Recorded data

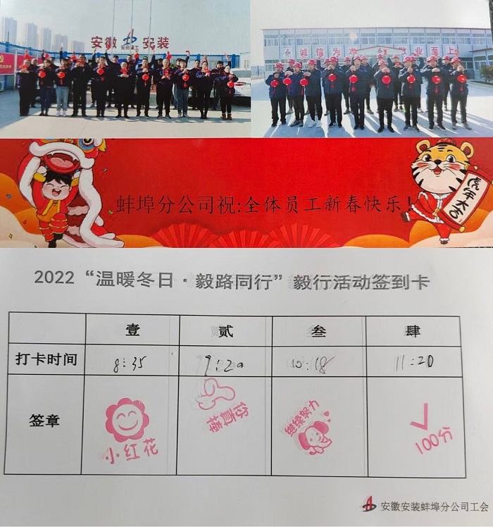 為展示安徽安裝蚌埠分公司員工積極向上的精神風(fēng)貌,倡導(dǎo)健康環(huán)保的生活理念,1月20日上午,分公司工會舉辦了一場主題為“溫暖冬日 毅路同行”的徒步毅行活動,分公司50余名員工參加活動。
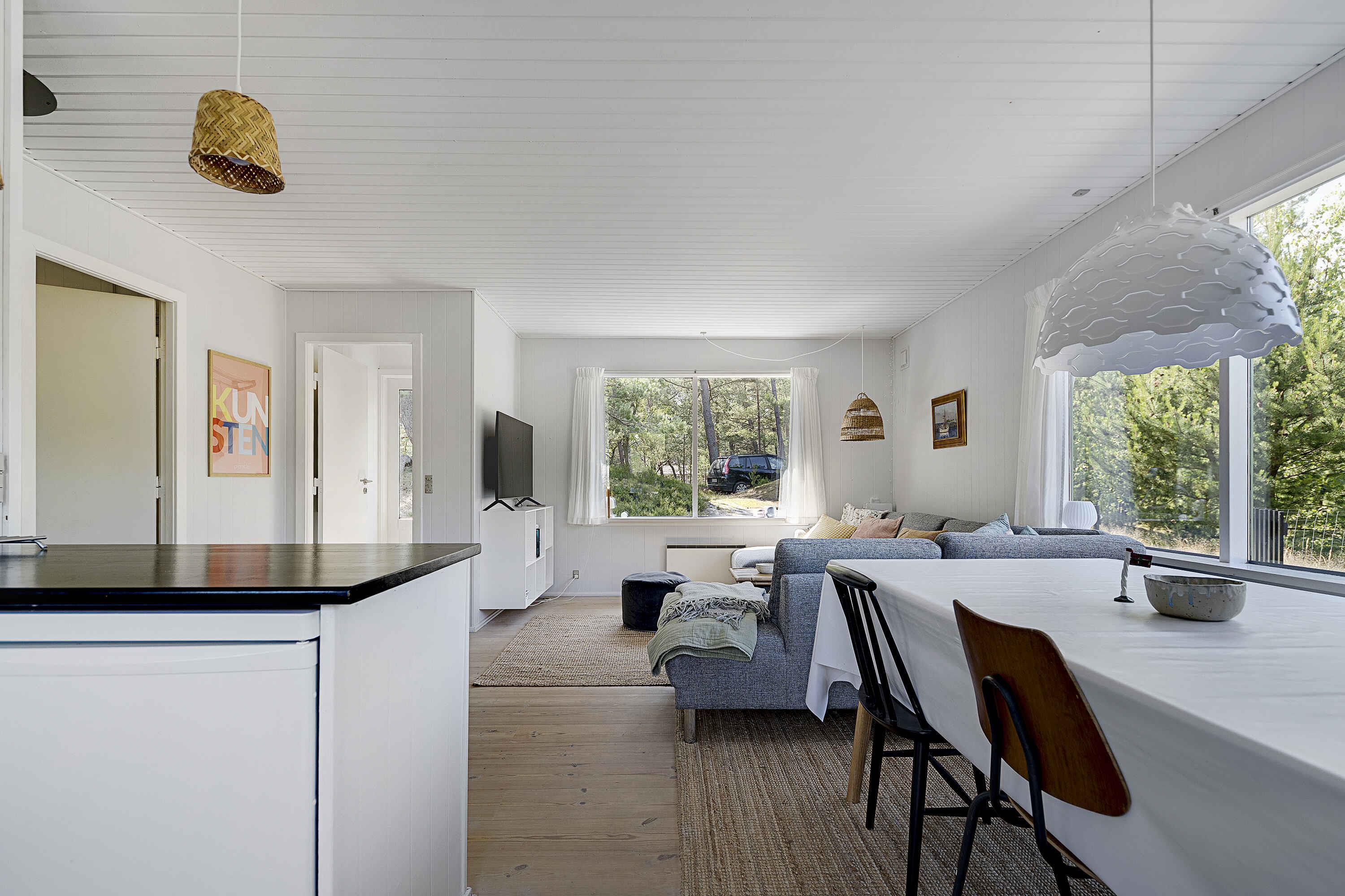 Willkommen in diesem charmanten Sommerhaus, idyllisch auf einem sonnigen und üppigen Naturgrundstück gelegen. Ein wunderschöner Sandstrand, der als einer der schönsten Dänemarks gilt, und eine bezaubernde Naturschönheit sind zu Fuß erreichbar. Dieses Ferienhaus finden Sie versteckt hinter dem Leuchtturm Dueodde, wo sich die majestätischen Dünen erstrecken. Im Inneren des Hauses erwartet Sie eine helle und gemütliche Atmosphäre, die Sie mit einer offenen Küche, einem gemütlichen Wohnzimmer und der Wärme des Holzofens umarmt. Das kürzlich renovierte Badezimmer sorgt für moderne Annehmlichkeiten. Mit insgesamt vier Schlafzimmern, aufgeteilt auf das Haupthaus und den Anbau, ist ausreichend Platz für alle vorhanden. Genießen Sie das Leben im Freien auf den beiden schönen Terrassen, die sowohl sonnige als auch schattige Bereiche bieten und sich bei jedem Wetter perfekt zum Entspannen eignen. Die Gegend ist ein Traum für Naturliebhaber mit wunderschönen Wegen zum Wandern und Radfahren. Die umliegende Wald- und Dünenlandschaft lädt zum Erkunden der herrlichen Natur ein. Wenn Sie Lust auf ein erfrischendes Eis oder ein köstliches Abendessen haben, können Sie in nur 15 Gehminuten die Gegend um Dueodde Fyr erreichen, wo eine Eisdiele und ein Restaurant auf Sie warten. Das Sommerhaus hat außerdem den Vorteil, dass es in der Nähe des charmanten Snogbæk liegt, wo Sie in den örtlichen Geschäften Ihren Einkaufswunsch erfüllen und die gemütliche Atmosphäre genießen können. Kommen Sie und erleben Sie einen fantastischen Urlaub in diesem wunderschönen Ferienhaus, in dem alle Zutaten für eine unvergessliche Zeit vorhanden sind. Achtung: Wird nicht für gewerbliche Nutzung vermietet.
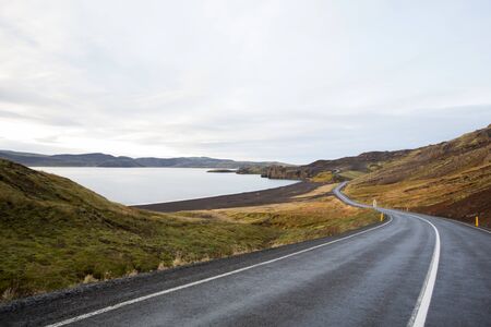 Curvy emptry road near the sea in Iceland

Try it
Recreate the listing above word for word, dropping each picture it contains.

Task solution
 為展示安徽安裝蚌埠分公司員工積極向上的精神風(fēng)貌,倡導(dǎo)健康環(huán)保的生活理念,1月20日上午,分公司工會舉辦了一場主題為“溫暖冬日 毅路同行”的徒步毅行活動,分公司50余名員工參加活動。
 Willkommen in diesem charmanten Sommerhaus, idyllisch auf einem sonnigen und üppigen Naturgrundstück gelegen. Ein wunderschöner Sandstrand, der als einer der schönsten Dänemarks gilt, und eine bezaubernde Naturschönheit sind zu Fuß erreichbar. Dieses Ferienhaus finden Sie versteckt hinter dem Leuchtturm Dueodde, wo sich die majestätischen Dünen erstrecken. Im Inneren des Hauses erwartet Sie eine helle und gemütliche Atmosphäre, die Sie mit einer offenen Küche, einem gemütlichen Wohnzimmer und der Wärme des Holzofens umarmt. Das kürzlich renovierte Badezimmer sorgt für moderne Annehmlichkeiten. Mit insgesamt vier Schlafzimmern, aufgeteilt auf das Haupthaus und den Anbau, ist ausreichend Platz für alle vorhanden. Genießen Sie das Leben im Freien auf den beiden schönen Terrassen, die sowohl sonnige als auch schattige Bereiche bieten und sich bei jedem Wetter perfekt zum Entspannen eignen. Die Gegend ist ein Traum für Naturliebhaber mit wunderschönen Wegen zum Wandern und Radfahren. Die umliegende Wald- und Dünenlandschaft lädt zum Erkunden der herrlichen Natur ein. Wenn Sie Lust auf ein erfrischendes Eis oder ein köstliches Abendessen haben, können Sie in nur 15 Gehminuten die Gegend um Dueodde Fyr erreichen, wo eine Eisdiele und ein Restaurant auf Sie warten. Das Sommerhaus hat außerdem den Vorteil, dass es in der Nähe des charmanten Snogbæk liegt, wo Sie in den örtlichen Geschäften Ihren Einkaufswunsch erfüllen und die gemütliche Atmosphäre genießen können. Kommen Sie und erleben Sie einen fantastischen Urlaub in diesem wunderschönen Ferienhaus, in dem alle Zutaten für eine unvergessliche Zeit vorhanden sind. Achtung: Wird nicht für gewerbliche Nutzung vermietet.
 Curvy emptry road near the sea in Iceland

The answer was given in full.